1.  tornare alla “risaia tradizionale”, abbandonando la “risaia asciutta”: questo consente di migliorare l’equilibrio tra acque superficiali e le acque sotterranee nel periodo primaverile, quando la richiesta di acqua irrigua per altre colture è minore e l’evapotraspirazione molto più bassa. Di conseguenza in estate la richiesta di acqua per il riso diminuirebbe, lasciando maggiore disponibilità  per i sistemi prativi e per i cereali estivi.

2.   tornare a far circolare l’acqua irrigua anche in inverno, attraverso: sommersione di risaie invernali, prati allagati, marcite, circolazione acqua nel reticolo aziendale. Questo favorisce l’equilibrio tra acqua superficiale e acqua di falda, portando la campagna coltivata ad una situazione di umidità dei suoli tale da poter avviare le semine primaverili in condizioni migliori e con minori sprechi idrici.
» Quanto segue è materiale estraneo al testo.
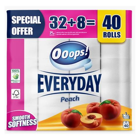 1 kép Ooops! Toalettpapír, 3 rétegű, kistekercses, 32+8 tekercs, "Everyday", barack (KHHVP064) (KHHVP064)

3.    fare scelte colturali alternative al mais, coltura che richiede tantissima acqua, ad esempio modificando il sistema di alimentazione del bestiame con l’introduzione di colture prative come prati ed erbai  o di foraggere che richiedono meno acqua in estate, come l’erba medica (soprattutto ove l’acqua irrigua deve essere sollevata o pompata con consumo energetico). Queste scelte aiutano a sostituire parte del mais coltivato per insilati, aumentando inoltre la copertura vegetazionale del suolo tutto l’anno, nonché permettendo di produrre in azienda gran parte della quota proteica per la razione zootecnica, così da ridurre la dipendenza da mangimi e soia (anche loro idrovori).

4.    valorizzare le pratiche per l’incremento della Sostanza Organica nei terreni: Coltivazione con tecniche di bassa lavorazione, concimazioni organiche (con reimpieghi aziendali da stabulazione su lettiera), permanenza delle colture di copertura invernali, reintroduzione delle colture da sovescio … ovvero tecniche innovative di agri-coltura ecologica

5.    aumentare la varietà del paesaggio rurale, attraverso misure di protezione della partitura poderale e del reticolo idrico fine, affiancate da incentivi per gli elementi vegetazionali e la biodiversità: quali siepi e aree umide.

 

Per concludere

-         Ci sono meccanismi per contrastare il cambiamento climatico con un miglior impiego dell’acqua in agricoltura;

-         Bisogna far capire alla UE la peculiarità unica del sistema irriguo padano;

-         E’ una buona direzione in cui di investire soldi pubblici;

-         E’ necessario coinvolgere gli imprenditori agricoli, le loro aggregazioni e i loro fornitori di servizi;

-         Si avvia un’azione corale.